(Extracted material begins)

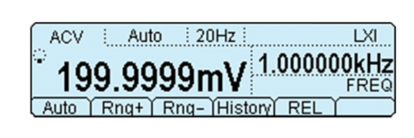 When measuring the voltage or current of the AC signal, the frequency can also be measured. At this time, the voltage or current is displayed on the main display screen and the frequency is displayed on the secondary display screen.
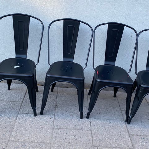 Säljer 4 stilrena och stabila matstolar i klassisk industridesign (Tolix-modell). Svart metall med blank finish som passar perfekt i både moderna och rustika hem.
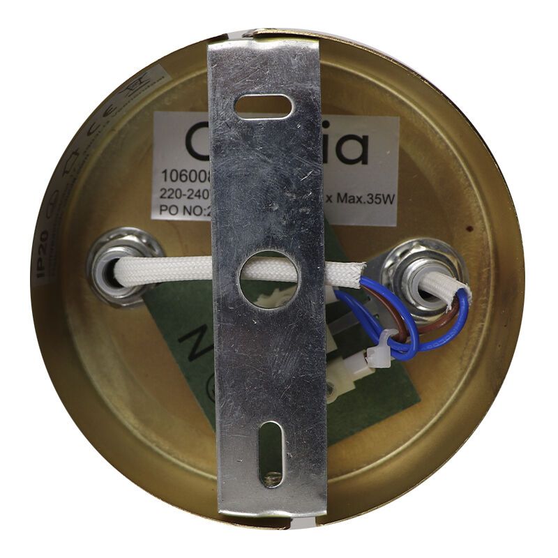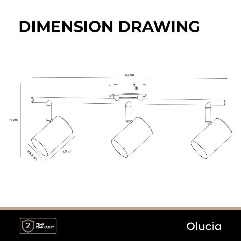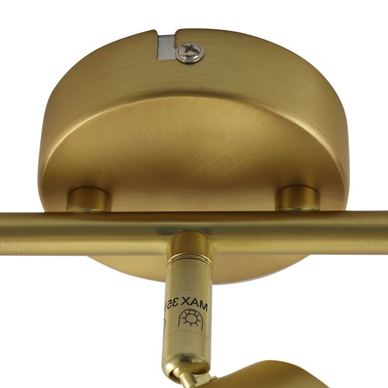 El foco de techo moderna Elena es de color latón y está de hecha de metal. El foco de techo moderna se suministra sin fuentes de luz a juego. Esta lámpara necesita 3 fuentes de luz con casquillos GU10. La potencia máxima de las fuentes de luz no debe exceder los 35W por lámpara.
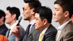 [OSEN=지형준 기자] 15일 오후 서울 청담동 리베라호텔에서 열린 2017-2018 정관장 프로농구 플레이오프 미디어데이, DB 김주성이 이상범 감독이 건강상의 문제로 불참하며 대신 참석한 가운데 KCC 하승진이 김주성을 감독대행으로
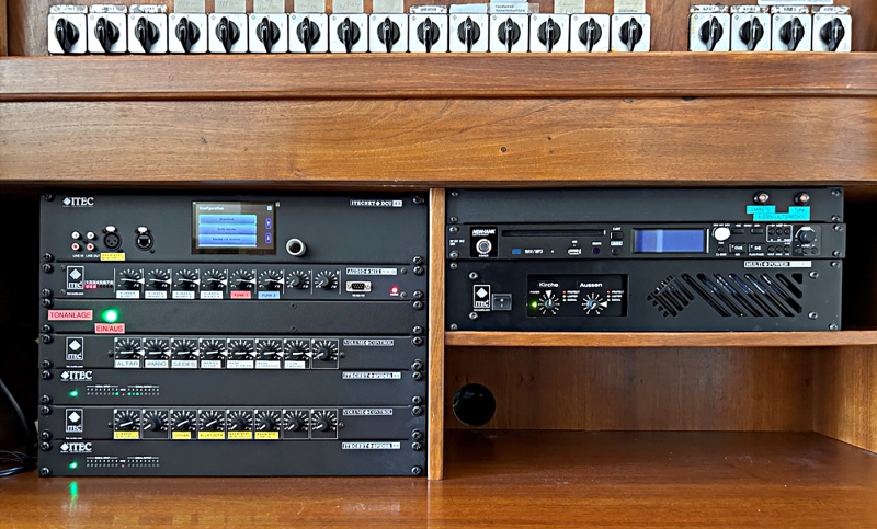 Systemkomponenten: digitale Audiomatrix ITECNET Spider88, ITEC AudioMix 8/4, ITEC MultiPower Verstärker, ITEC Tonsäulen der ITEC NeoSlim-Serie, Mikrofone der PA7-Serie sowie ITEC Funkmikrofonanlagen.

(Extracted material ends)

:: Description of the task ::
Retype all of the listing word for word and skip the pictures.

:: Task result ::
 When measuring the voltage or current of the AC signal, the frequency can also be measured. At this time, the voltage or current is displayed on the main display screen and the frequency is displayed on the secondary display screen.
 Säljer 4 stilrena och stabila matstolar i klassisk industridesign (Tolix-modell). Svart metall med blank finish som passar perfekt i både moderna och rustika hem.
 El foco de techo moderna Elena es de color latón y está de hecha de metal. El foco de techo moderna se suministra sin fuentes de luz a juego. Esta lámpara necesita 3 fuentes de luz con casquillos GU10. La potencia máxima de las fuentes de luz no debe exceder los 35W por lámpara.
 [OSEN=지형준 기자] 15일 오후 서울 청담동 리베라호텔에서 열린 2017-2018 정관장 프로농구 플레이오프 미디어데이, DB 김주성이 이상범 감독이 건강상의 문제로 불참하며 대신 참석한 가운데 KCC 하승진이 김주성을 감독대행으로
 Systemkomponenten: digitale Audiomatrix ITECNET Spider88, ITEC AudioMix 8/4, ITEC MultiPower Verstärker, ITEC Tonsäulen der ITEC NeoSlim-Serie, Mikrofone der PA7-Serie sowie ITEC Funkmikrofonanlagen.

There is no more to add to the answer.